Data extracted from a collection
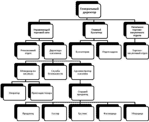 Рис. 5 Организационная структура ООО «Макаров и Компания» Поставщики обеспечивают поступление необходимых для осуществления деятельности организации видов ресурсов. В рассматриваемом нами случае ресурсами являются продукты питания, а также сопутствующие товары, которые во всех магазинах сети распределены на следующие группы: – мясопродукты не готовые к употреблению (01); – мясопродукты готовые к употреблению (02); – замороженные полуфабрикаты (03); – рыба и рыбная гастрономия (04); – молочная продукция (05); – масложировая продукция (06); – хлебобулочные изделия (07); – кондитерские изделия мучные (08); – кондитерские изделия сахаристые (09); – безалкогольные напитки (10); – вино-водочная продукция (11); – табак (12); – консервы (13); – приправы, пряности пищевые (14); – бакалея (15); – чай, кофе (16); – фрукты и овощи (17); – продукты для детского питания (18); – салаты (19); – сопутствующие товары (20); – материалы, запчасти (21); – продукция мясоперерабатывающего комбината (22); – цветы (23); – товары для животных (24); – снэки (25); – прочие товары (26).
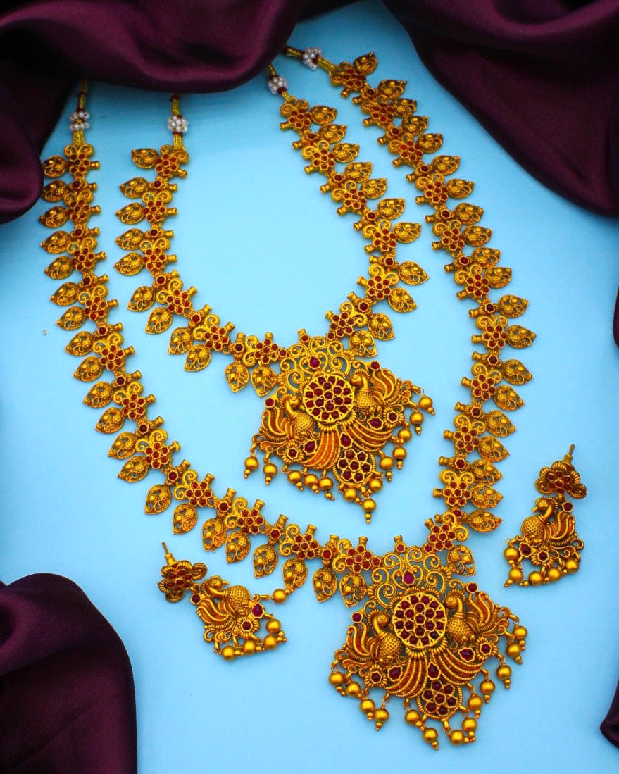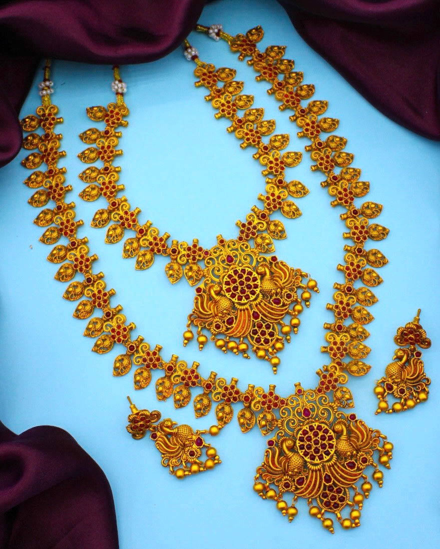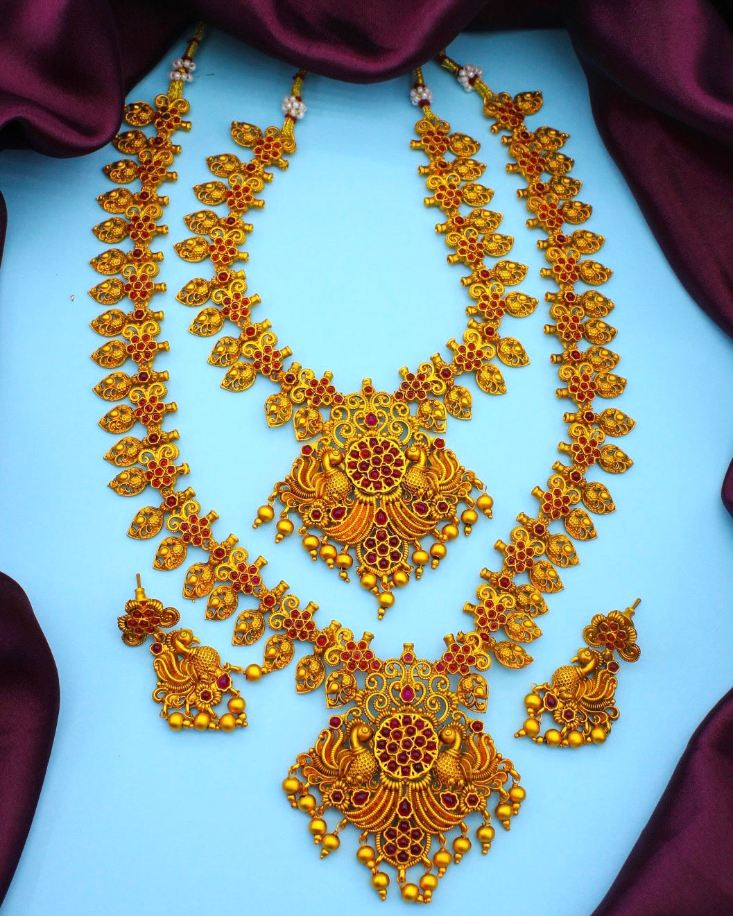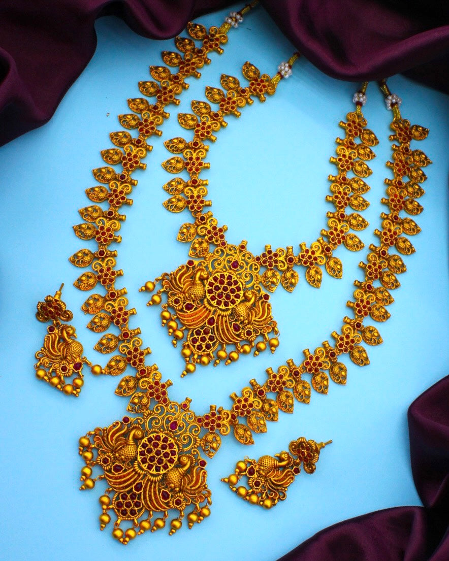 Have a Look special on south indian wedding day by adorning this pink, green, white colour classy jewellery Combo set. The ornaments are encrusted with kemp stones along with matte finish golden beads and made from matte golden finish metal. This combo set is superior in quality and will surely fetch you with lots of compliments from onlookers for your amazing choice.
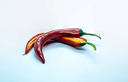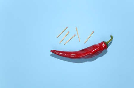 Very Hot Chili Peppers on Blue Paper Background Top View with Space for Text. Red Spicy Chilli Peppers Pattern or Backdrop for the Indian Menu for Oriental Food Design
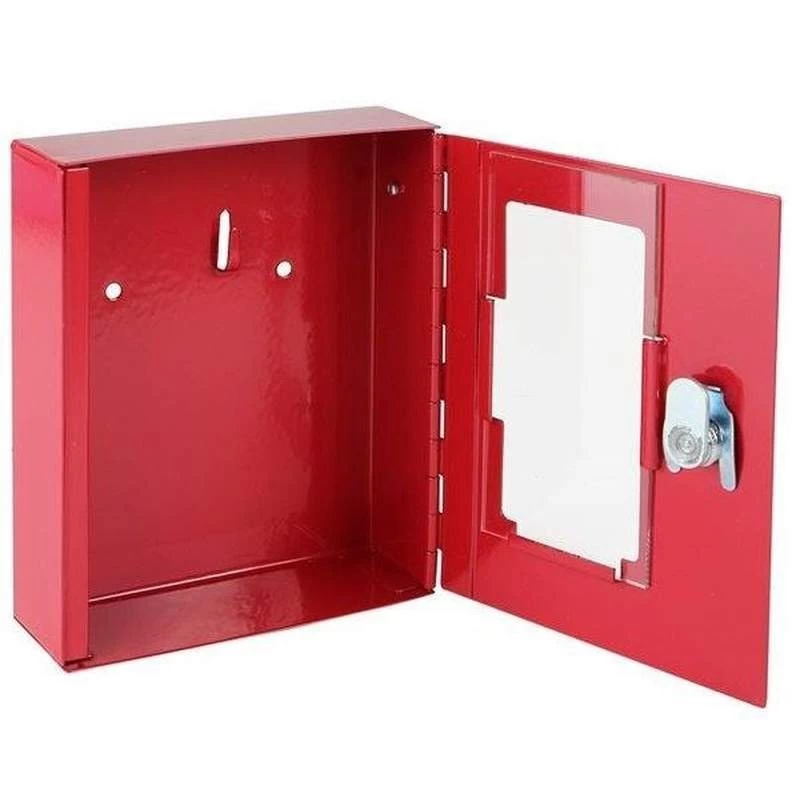 Diese Notschlüsselkasten überzeugen durch hohe Qualität zu gleichzeitig niedrigem Preis. Im klassischen Design gearbeitet, erlauben Sie den einfachen Zugriff zum darin gelagerten Notschlüssel, durch das Einschlagen der Glasscheibe. Die Glasscheiben sind einfach austauschbar und auf Anfrage erhältlich. Zur Ausstattung gehört ein Sicherheits-Zylinderschloss inkl. 2 Schlüsseln und einem fest-angebrachten Schlüsselhaken. 2 Löcher in der Rückwand ermöglichen eine stabile Wandbefestigung. Das benötigte Befestigungsmaterial, bestehen aus Schrauben und Dübel, liegt dem Lieferumfang bei. Ebenfalls ist ein Modell mit Glasbruchhammer erhältlich.
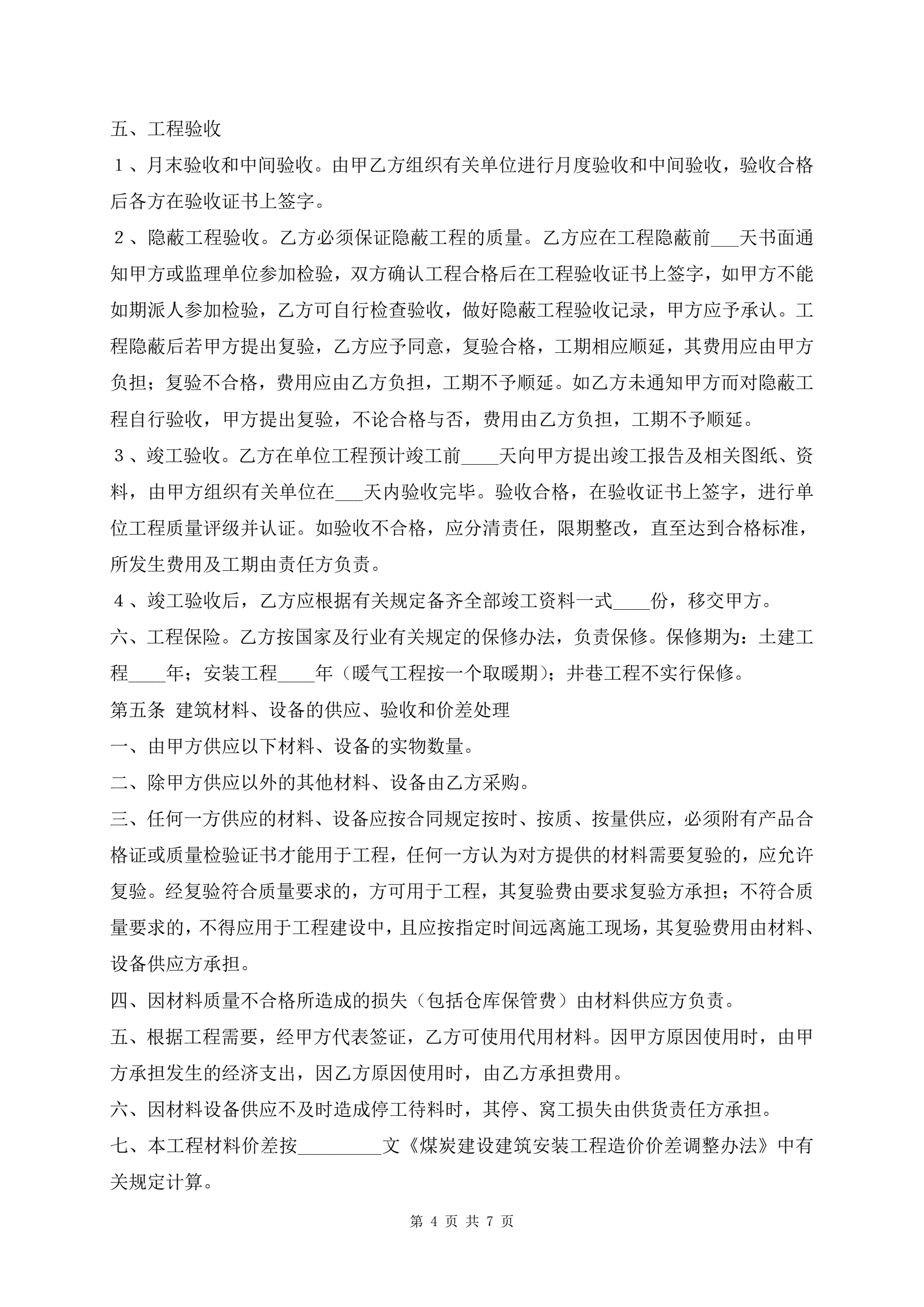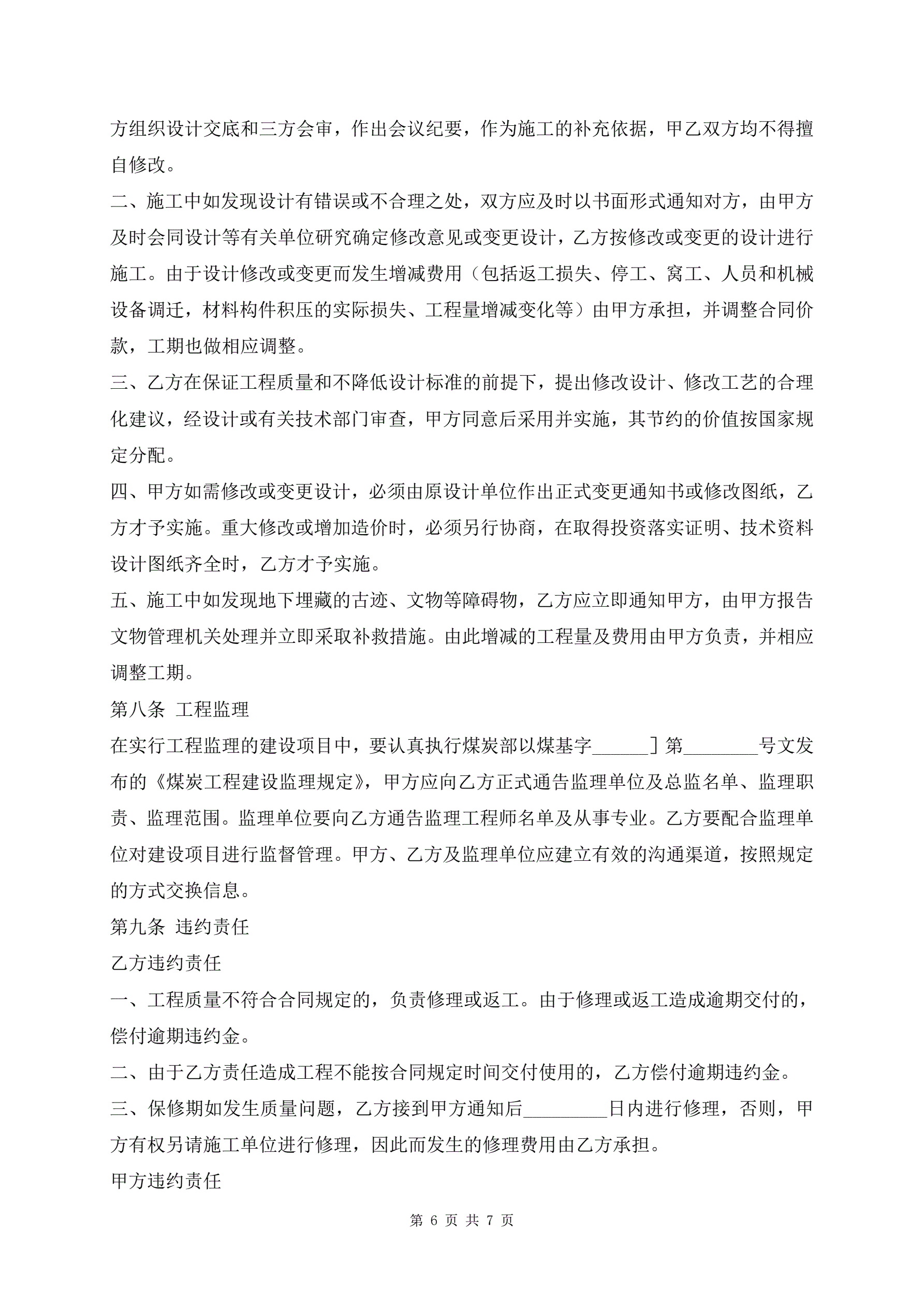 煤矿建筑安装工程承包合同样本
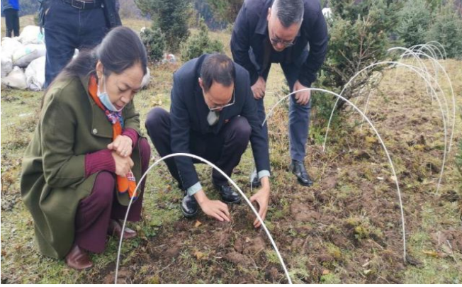 王崇秀一行来到海拔3500米左右的毛木初村林下种植羊肚菌基地,通过实地查看、与村民交流、听乡政府领导汇报等方式,充分了解到该项目属于市引进的重点打造产业振兴项目,更是贯彻落实中央关于发展林下经济的重要举措,采取“引进企业投资+村民务工+专家技术指导+统筹管理+订单销售”模式,依托毛木初早晚温差大、气候适宜等优势,在林下间种形式在梭磨乡先期试点种植200亩,目前已播种150亩,均长势良好。
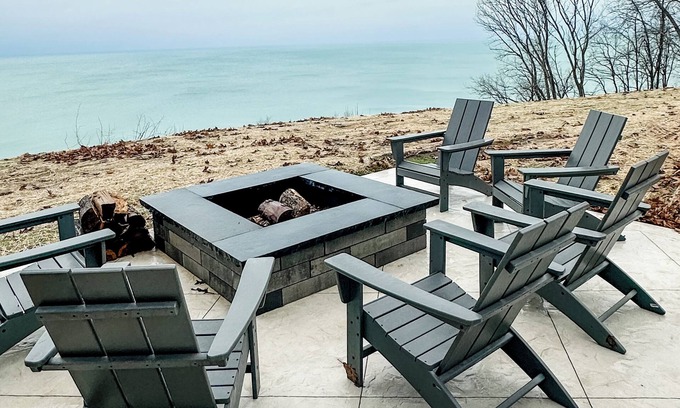 In the evenings, relax on the loungers as the sun sets each night over Lake Michigan, enjoy the hot tub, or gaze up at the stars around the custom stone fire pit.
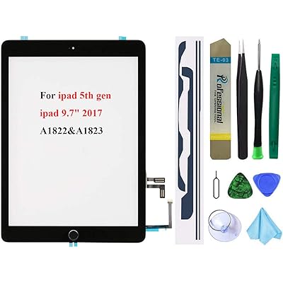 for iPad 5 5th Gen Screen Replacement A1822 A1823 2017 Digitizer 9.7 Inch, for iPad 5th Generation Touch Glass with Home Button, Repair Tool Kit (Black)
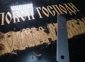 При помощи лезвия от канцелярского ножа мы зачищаем надпись – здесь важно не поцарапать гранит, но в то же время давить с достаточной силой, чтобы соскрести лишнее золото с каменной поверхности.
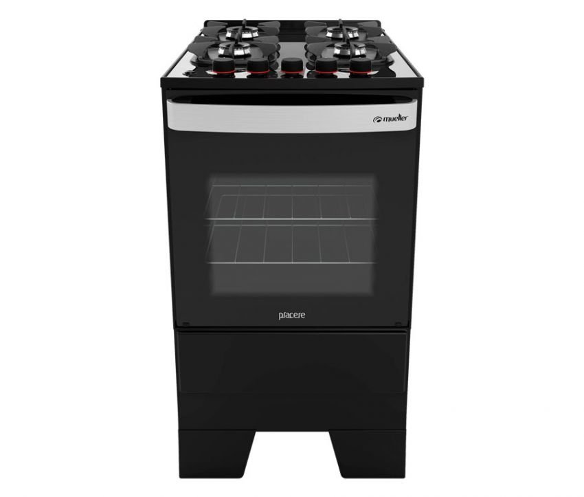 FOGÃO MUELLER 4 BOCAS PIACERE VETRO PRETO
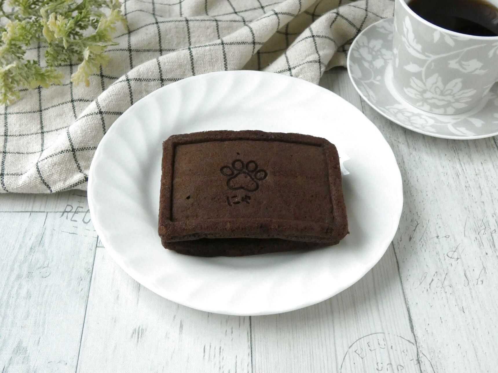 開けるとふんわりとした黒いカステラ生地に、足跡と「にゃ」の文字が刻印。食べる前から可愛さに癒されます。

PROMPT: Every line from the one containing "При помощи лезвия" through the end of the records is to be returned exactly, and those lines alone; pictures are dropped.

EXERCISE RESULT:
 При помощи лезвия от канцелярского ножа мы зачищаем надпись – здесь важно не поцарапать гранит, но в то же время давить с достаточной силой, чтобы соскрести лишнее золото с каменной поверхности.
 FOGÃO MUELLER 4 BOCAS PIACERE VETRO PRETO
 開けるとふんわりとした黒いカステラ生地に、足跡と「にゃ」の文字が刻印。食べる前から可愛さに癒されます。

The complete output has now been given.